In this case, the dataset is of modest size and it is easy to find that
values for 1960 are in observation 61. So we could use subscripting to
relate values to that observation, as in 

. generate le_female_index = 100 * le_female / le_female[61] 

The advantage of this method is directness. The value desired as
reference is already a data value, so there is no need to calculate it.
Once we have found out which observation contains the value we need, we
can just indicate the observation number by a subscript, here [61].

The disadvantages of this method are a little more subtle. Suppose that
we are careful and keep a record of our calculations, but not so careful
as to add a comment explaining exactly what this calculation does. Then
there could be a minor puzzle working out some time later what it is
that we did.  Or suppose that we change the sort order of the data for
some reason. Then the new observation 61 is very likely to be a
different observation, and the same command line would yield a different
calculation, as we may or may not realise. Or suppose that we want to do
something like this in different datasets, in which there is no
predictable regularity about which observation contains the value you
want. Then the lack of generality of the method is clear. 

More general methods are ready to hand. If we 

. summarize le_female if year == 1960 

then the -if- condition will in this dataset identify just one
observation, and the value of -le_female- for that observation will
be accessible after -summarize- in one of r(min)}, r(mean)}, or r(max). 
Then the calculation to follow will be 

. generate le_female_index = 100 * le_female / r(mean)       

Clearly you may use r(min) or r(max), rather than r(mean), if you please, but the difference is quite immaterial, as the mean, minimum and maximum of a single value are all identical to that value. 

This method has the advantage over the first of being easier to
understand in a log file consulted some time after the event. Naturally,
adding an explanatory comment would make it even easier. 

What could go wrong? Suppose that there is no value for 1960. Then after
-summarize-, the results would be missing, and so would our new
variable be. So we would notice that problem sooner or later. 

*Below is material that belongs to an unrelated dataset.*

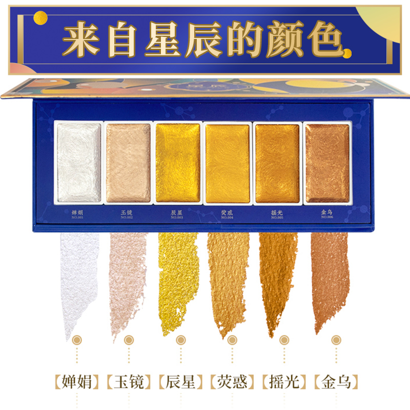 Feilebiao star solid watercolor pigment Water-soluble set Full set of beginners Gold star color pearl color art professional Chinese painting Nail art Watercolor mini small box portable sub-pack

Conversely, suppose that there are two or more observations for 1960. As
said, the fact will be evident in the results for -summarize-. If we
were automating calculations, it would be a good idea to check that the
number of non-missing values, accessible after -summarize- in r(N), was equal to 1. 

Here is yet another way to do it. Like the -summarize- method just
explained, it is more elaborate than the first method, but it can be
greatly extended to more complicated and more challenging problems.
First, create an indicator tag or flag variable that is 1 for the
observation we want to copy. 

. gen byte tag = 1 if year == 1960 

Notice the detail of creating a -byte- variable to reduce storage.
This new variable -tag- will be 1 when year is 1960 and numeric
missing (.) when year is not equal to 1960. We can now  

. sort tag 

After sorting, the observation for the tagged year, 1960, will be sorted
to observation 1. The index now can be created by 

. gen le_female_index = 100 * le_female / le_female[1] 

You can see the advantage of this technique. It is a way of making Stata
first find and then use the value for 1960, regardless of where it
occurs in the dataset, or of whether the dataset had any particular sort
order. 

Let us now consider extending the problem to panel data. We will use
another of Stata's datasets:  

. webuse grunfeld, clear 

This is a well-behaved panel dataset, in which each year in the dataset
is matched by a non-missing value for each panel and each variable. But
we show a technique that does not make that assumption. The panel covers
the period 1935 to 1954. Let's show how to scale each panel separately
by values in 1939. 

. gen byte baseyear = 1 if year == 1939 
. bysort company (baseyear) : gen invest_index = 100 * invest / invest[1] 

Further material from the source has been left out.